## Work instructions
Leave the pictures in the listing below aside and reproduce exactly the lines starting with the one with "Гарантийный талон. |" and going on through the one with "中國搪瓷工業(yè)協(xié)會(huì)工業(yè)搪瓷專家聘書", both ends included.

## Task data
_ _ _ _ _ _ _
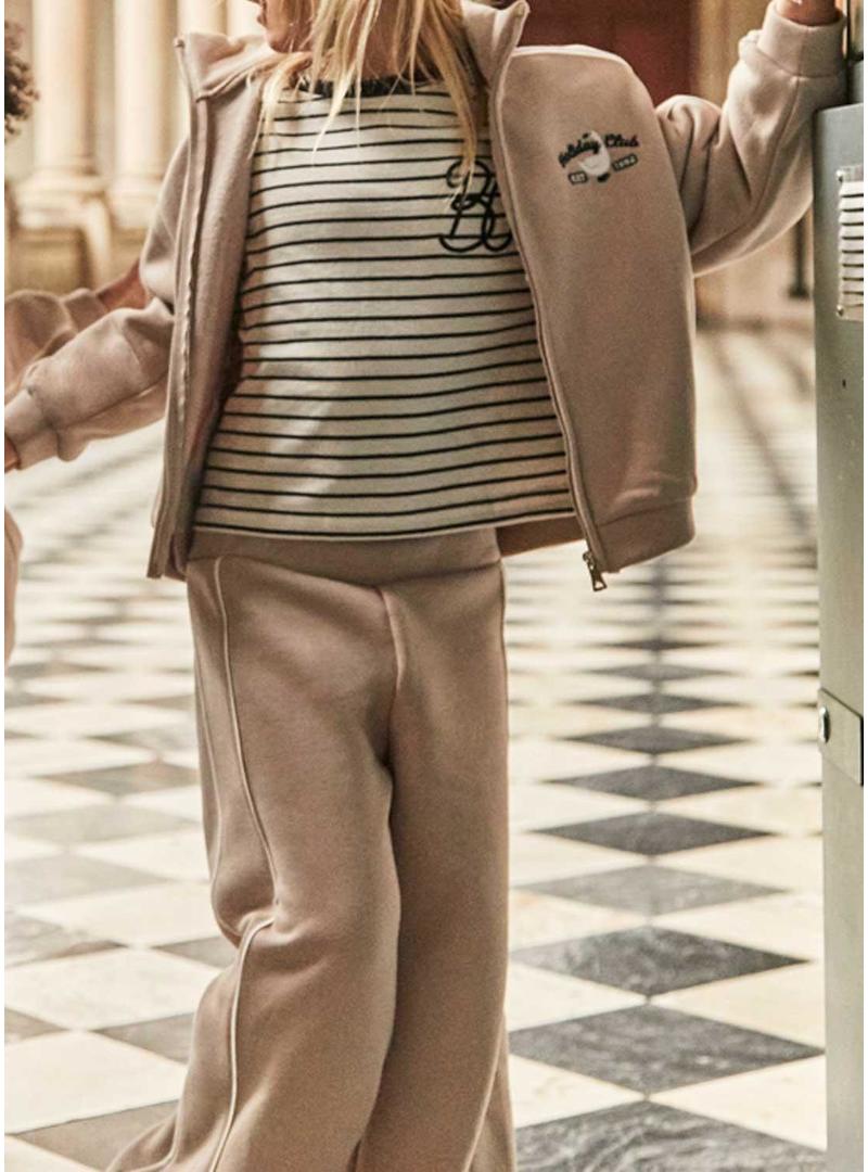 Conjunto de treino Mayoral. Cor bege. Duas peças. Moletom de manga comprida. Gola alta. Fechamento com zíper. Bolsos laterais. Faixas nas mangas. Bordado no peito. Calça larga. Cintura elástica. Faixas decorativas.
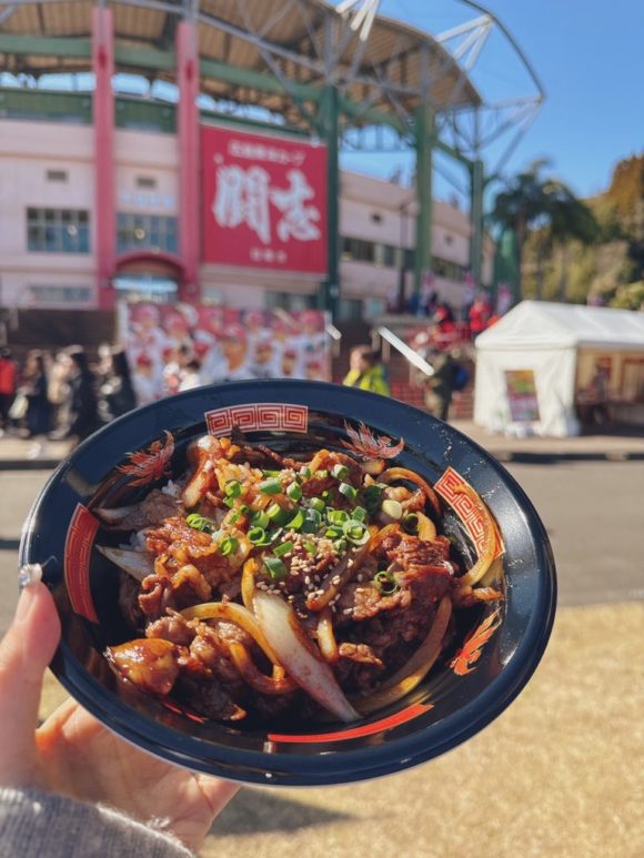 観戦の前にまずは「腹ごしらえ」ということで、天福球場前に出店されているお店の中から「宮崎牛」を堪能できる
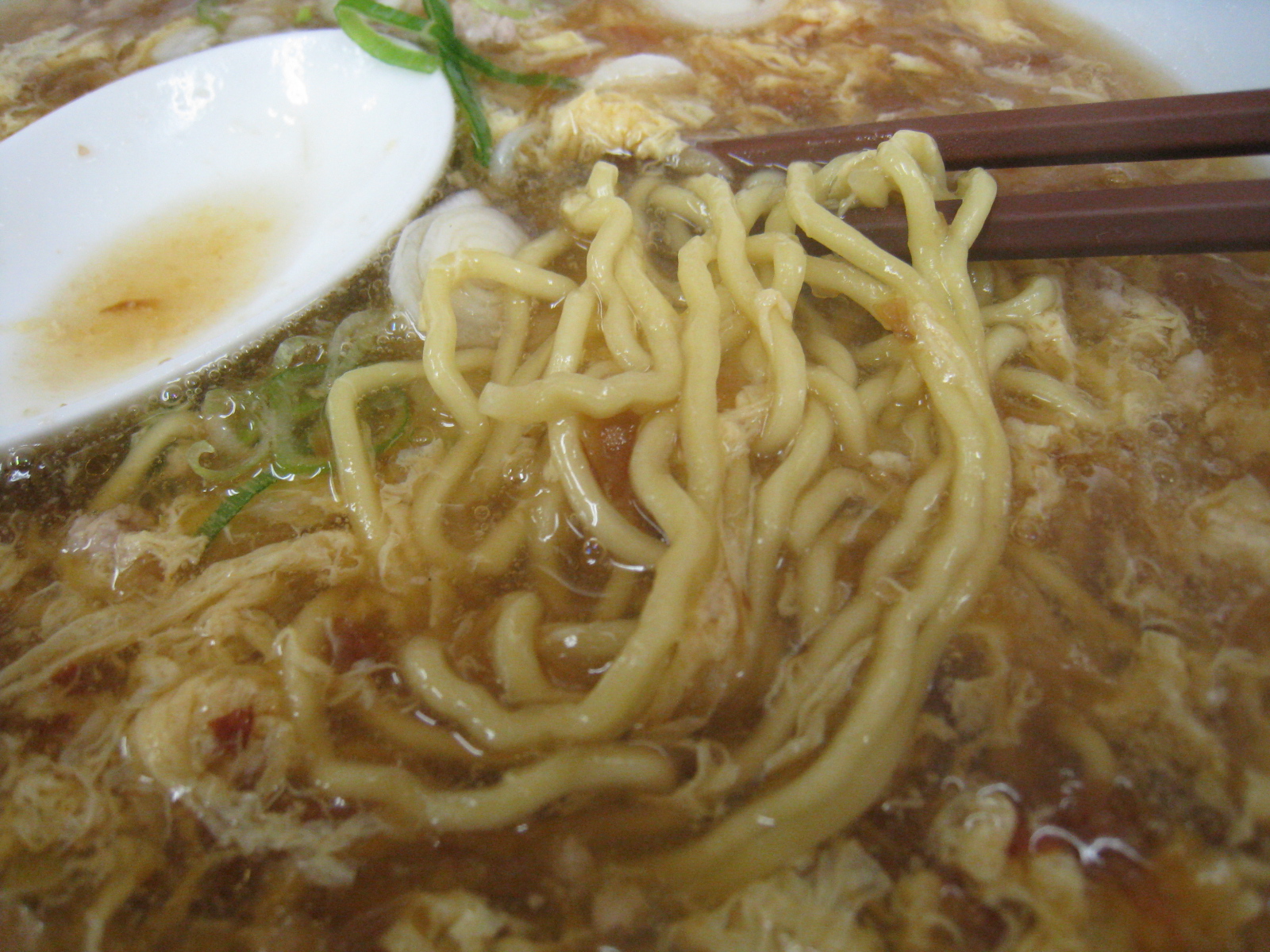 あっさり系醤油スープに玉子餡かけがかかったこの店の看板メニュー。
_ _ _ _ _ _ _
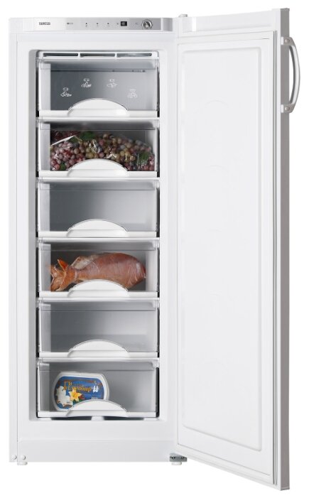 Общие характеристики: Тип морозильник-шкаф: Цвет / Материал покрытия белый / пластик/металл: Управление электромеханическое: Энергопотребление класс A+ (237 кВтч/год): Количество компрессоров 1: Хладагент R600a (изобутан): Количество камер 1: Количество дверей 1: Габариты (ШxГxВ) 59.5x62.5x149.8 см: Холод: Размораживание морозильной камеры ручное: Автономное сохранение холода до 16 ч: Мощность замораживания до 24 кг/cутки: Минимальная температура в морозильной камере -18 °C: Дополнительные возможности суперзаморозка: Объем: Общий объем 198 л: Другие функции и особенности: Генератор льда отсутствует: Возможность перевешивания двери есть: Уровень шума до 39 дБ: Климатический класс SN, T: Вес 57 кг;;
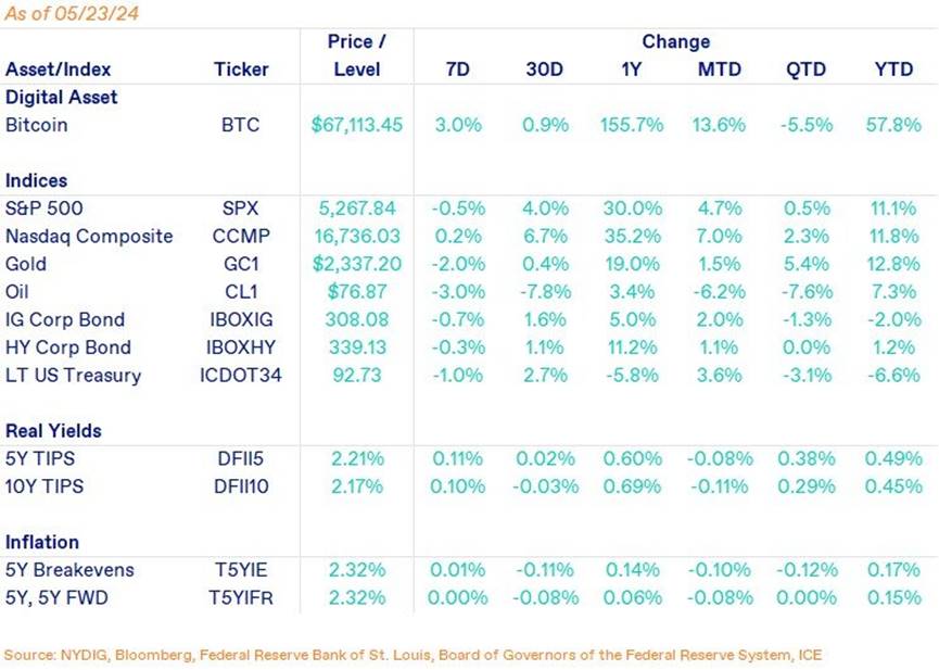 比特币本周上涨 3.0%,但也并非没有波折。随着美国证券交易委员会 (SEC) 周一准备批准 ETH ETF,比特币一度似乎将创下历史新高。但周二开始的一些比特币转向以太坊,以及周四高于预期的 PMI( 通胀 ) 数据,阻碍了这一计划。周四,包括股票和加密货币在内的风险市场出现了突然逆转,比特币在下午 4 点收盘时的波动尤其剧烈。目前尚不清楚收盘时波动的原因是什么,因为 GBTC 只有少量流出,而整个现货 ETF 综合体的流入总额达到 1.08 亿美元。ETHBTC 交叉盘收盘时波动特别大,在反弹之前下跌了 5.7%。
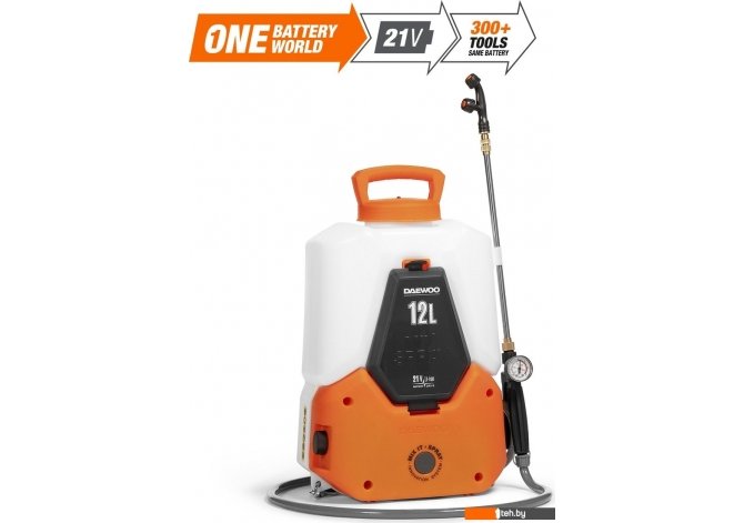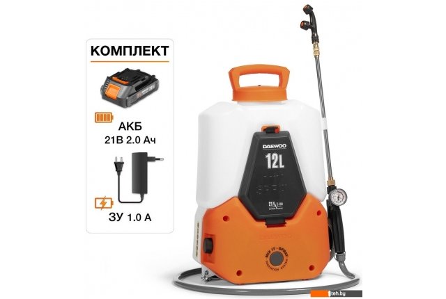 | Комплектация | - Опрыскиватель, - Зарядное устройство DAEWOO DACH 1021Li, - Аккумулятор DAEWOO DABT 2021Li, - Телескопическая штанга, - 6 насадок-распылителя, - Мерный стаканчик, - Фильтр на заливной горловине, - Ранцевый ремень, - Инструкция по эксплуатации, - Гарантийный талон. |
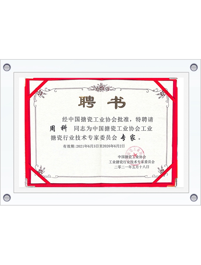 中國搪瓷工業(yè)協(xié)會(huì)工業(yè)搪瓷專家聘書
_ _ _ _ _ _ _
## Answer box
 | Комплектация | - Опрыскиватель, - Зарядное устройство DAEWOO DACH 1021Li, - Аккумулятор DAEWOO DABT 2021Li, - Телескопическая штанга, - 6 насадок-распылителя, - Мерный стаканчик, - Фильтр на заливной горловине, - Ранцевый ремень, - Инструкция по эксплуатации, - Гарантийный талон. |
 中國搪瓷工業(yè)協(xié)會(huì)工業(yè)搪瓷專家聘書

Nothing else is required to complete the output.